When a Forth has an assember, the assembler IS Forth (or perhaps it's the other way around - it gets very meta if you start thinking about it) and is just a different (forth) way to build a new word. If you think of it this way, then the Forth using assembler words is as fast as any other assembler and is really only limited by the skill of the programmer.
If you are interested in timing some different Forths, you'll find that Tali2 runs in py65mon out of the box. You may also find interesting, in the test folder on github, the files talitest.py and cycles.fs. The talitest.py extends py65mon, loads a binary file into the memory space (it's currently set to load taliforth-py65mon.bin but you can change it if you want) and it also provides a cycle counter mapped into the memory space. You read from address 0xF006 to start the cycle counter (ignoring the result), read from 0xF006 to stop the cycle counter (again ignoring the result), and then the cycle count between those two accesses is available as a 32-bit value in memory locations 0xF008-F00B. Just beware that the 32-bit value is presented in Tali2's double format, which is neither little endian or big endian for the entire 32-bit value. This allows it to be read directly using 2@. Because this is memory mapped, it could be used by any Forth that will run in py65mon.
- barrym95838
- Posts: 2056
- Joined: 30 Jun 2013
- Location: Sacramento, CA, USA
Re: Fastest 65C02 Forth?
Yeah, I think that several small little-endian systems store Forth doubles in middle-endian (NUXI) format.

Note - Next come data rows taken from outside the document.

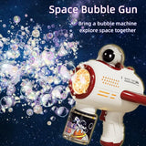 - ✅【Space Lightweight Bubble Gun with Light】Space theme bubble machine to a small and lightweight design, kids can easily carry it around, and have fun. Bubble machine with build-in led light , bubbles will brings a warm and sweet atmosphere in dark.
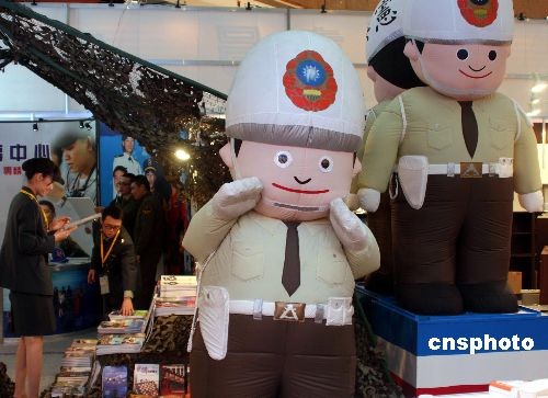 2月中旬,台北国际书展今年首设“军事图书区”,二十五家军事出版社及台湾军事管理部门参展。由“阿兵哥”扮装的“宪兵娃娃”吸引民众驻足,意外成为书展热点。中新社发 耿军 摄
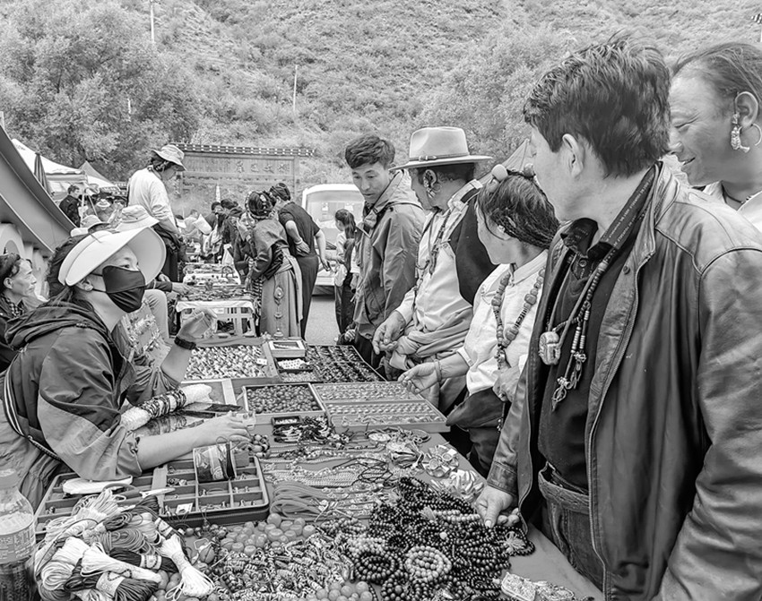 輾轉(zhuǎn)在各大展位,商品形態(tài)、構(gòu)造原理、蘊(yùn)含寓意等,商家們都會一一介紹。這些商家有來自德格縣的,也有白玉、甘孜等鄰縣的,90后商家阿白就專程從白玉縣趕了過來?!疤矚g熱情好客的德格了,真是不枉此行。”阿白告訴記者,他主要售賣珊瑚、蜜蠟、綠松石等,相較于平日經(jīng)營,參加展會讓他的日收益翻番。

Got a kilobyte lying fallow in your 65xx's memory map? Sprinkle some VTL02C on it and see how it grows on you!
Mike B. (about me) (learning how to github)

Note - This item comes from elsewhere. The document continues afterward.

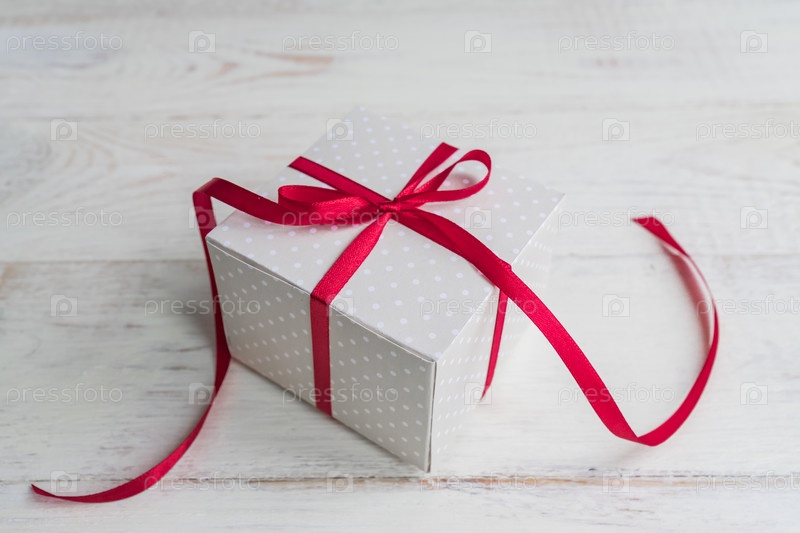 Бежевая подарочная коробка в горошек с бантом из красной ленты на деревянном фоне с копировальным пространством

Mike B. (about me) (learning how to github)
Re: Fastest 65C02 Forth?
SamCoVT, this sounds really appealing. I'm going to work on getting it running. Is there a way to produce standalone binaries or would I need to include the whole 21k package with anything I create?